Small Caps a Safe Haven? Think Again
For investors who were looking for an ideal safe haven assets during the U.S.-China trade war, they were better off looking at large cap equities over small cap equities, according to Jill Carey Hall, the resident small cap stock expert at Bank of America. Hall said that small cap fundamentals are suspect and as such, should be avoided if a prolonged trade war continues.
“A lot of these companies are suppliers to the big multinationals. Many of them have been highlighting the impact of trade on calls this earnings season,” said Hall. “A lot of these companies might not be able to be as nimble about shifting their supply chains or pricing that through.”
The Russell 2000–the index primarily associated with small cap equities–is up 21 percent since December’s sell-off during a volatile fourth quarter in 2018. However, the index is in correction mode with a drop of 12 percent after hitting a high last summer.

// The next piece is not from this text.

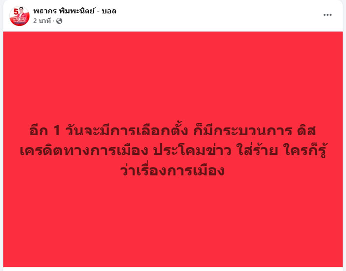 ขณะที่ล่าสุด นายพลากร ได้โพสต์ข้อความผ่านเฟซบุ๊ก ระบุว่า "อีก 1 วันจะมีการเลือกตั้ง ก็มีกระบวนการ ดิสเครดิตทางการเมือง ประโคมข่าว ใส่ร้าย ใครก็รู้ว่าเรื่องการเมือง"
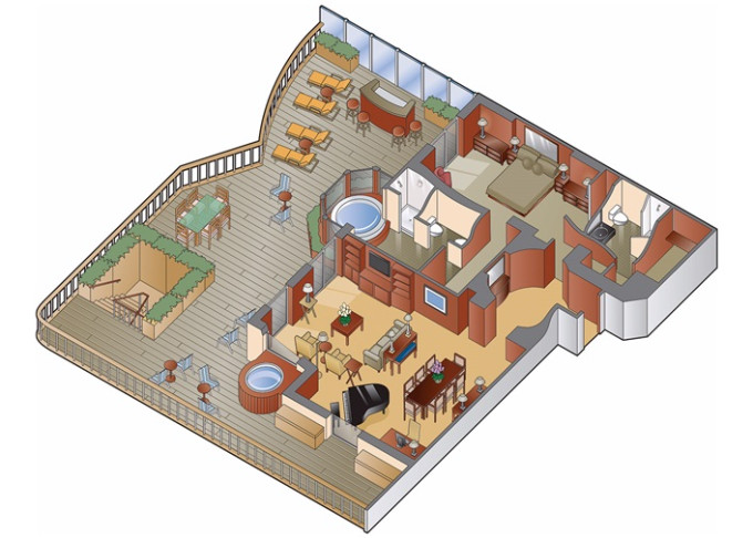 | PS - Penthouse Suite 133 m² + balkon s vířivkou 102 m² . Koupelna s vířivkou. 6. paluba. Max 3 osoby. Výhody Suite. | 1 196 717 Kč 299 179 Kč za osobu | ||

“Small cap earnings have been coming in in-line with expectations. You’ve seen much fewer beats. You’ve seen negative earnings growth,” said Hall. “Typically, you would think of small caps as higher growth companies, but expectations have been really ratcheted down.”
Small cap equities were practically neck and neck with large cap equities during the month of April. Year-to-date performance for U.S. equities have been fueling both large cap and small cap stocks, as both jockeyed for position during that month.
Thanks to a more accommodating central bank in terms of interest rate policy, the markets have been able to fend off other macro fears like slower global growth. More help came from the U.S. economy rebounding in the first quarter this year, as it beat analysts’ expectations of 2.5 percent growth with a 3.2 percent growth number.